Work instruction: Only the lines from the beginning of the data through the one with "为满足绿色标准并支持注重ES" belong in the answer, each retyped exactly, with pictures left out.

Source material:

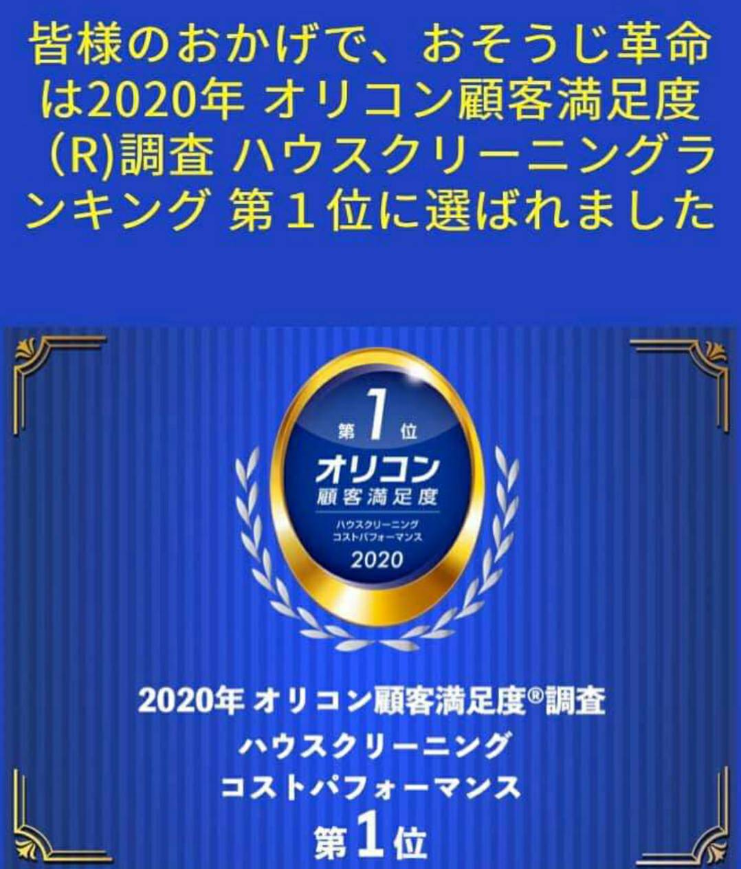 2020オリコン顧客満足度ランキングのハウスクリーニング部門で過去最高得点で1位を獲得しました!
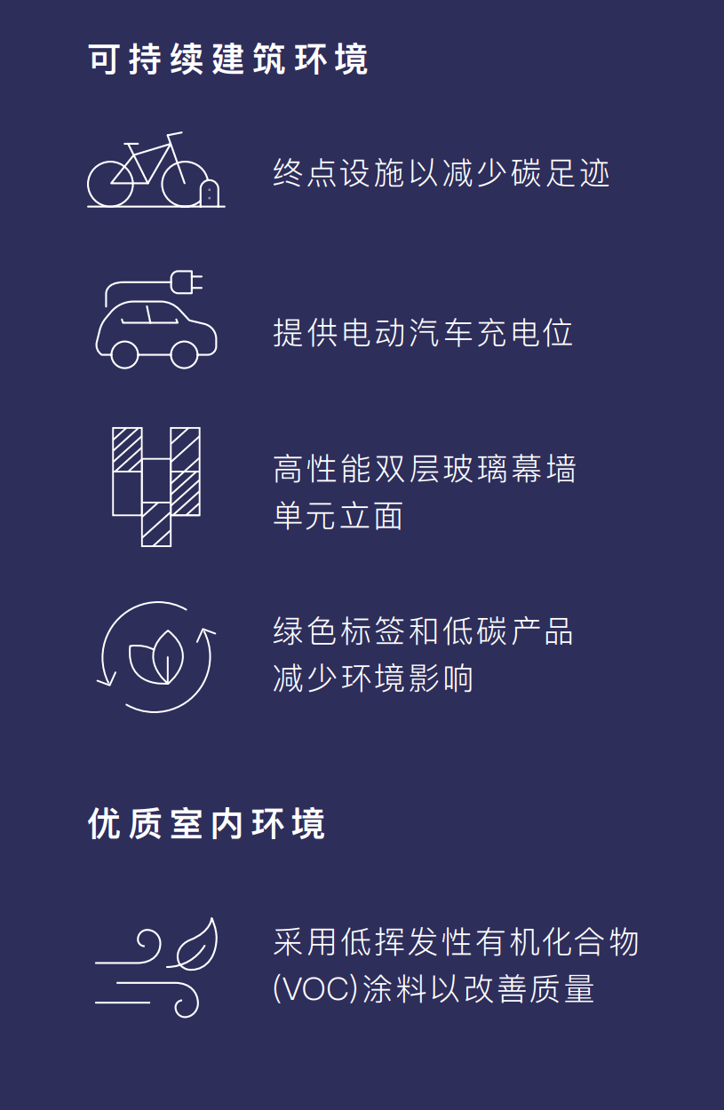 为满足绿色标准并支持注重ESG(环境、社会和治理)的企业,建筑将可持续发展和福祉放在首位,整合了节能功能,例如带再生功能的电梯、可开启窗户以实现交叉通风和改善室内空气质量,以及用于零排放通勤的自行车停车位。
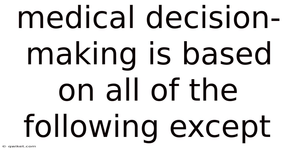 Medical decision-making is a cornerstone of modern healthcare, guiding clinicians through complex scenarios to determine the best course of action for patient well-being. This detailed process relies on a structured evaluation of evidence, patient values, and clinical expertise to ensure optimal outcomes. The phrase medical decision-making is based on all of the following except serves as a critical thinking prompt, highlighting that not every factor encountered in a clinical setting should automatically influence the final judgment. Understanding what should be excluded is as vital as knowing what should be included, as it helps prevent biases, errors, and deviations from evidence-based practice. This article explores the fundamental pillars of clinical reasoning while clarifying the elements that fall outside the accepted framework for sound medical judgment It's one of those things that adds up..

Your solution:
 2020オリコン顧客満足度ランキングのハウスクリーニング部門で過去最高得点で1位を獲得しました!
 为满足绿色标准并支持注重ESG(环境、社会和治理)的企业,建筑将可持续发展和福祉放在首位,整合了节能功能,例如带再生功能的电梯、可开启窗户以实现交叉通风和改善室内空气质量,以及用于零排放通勤的自行车停车位。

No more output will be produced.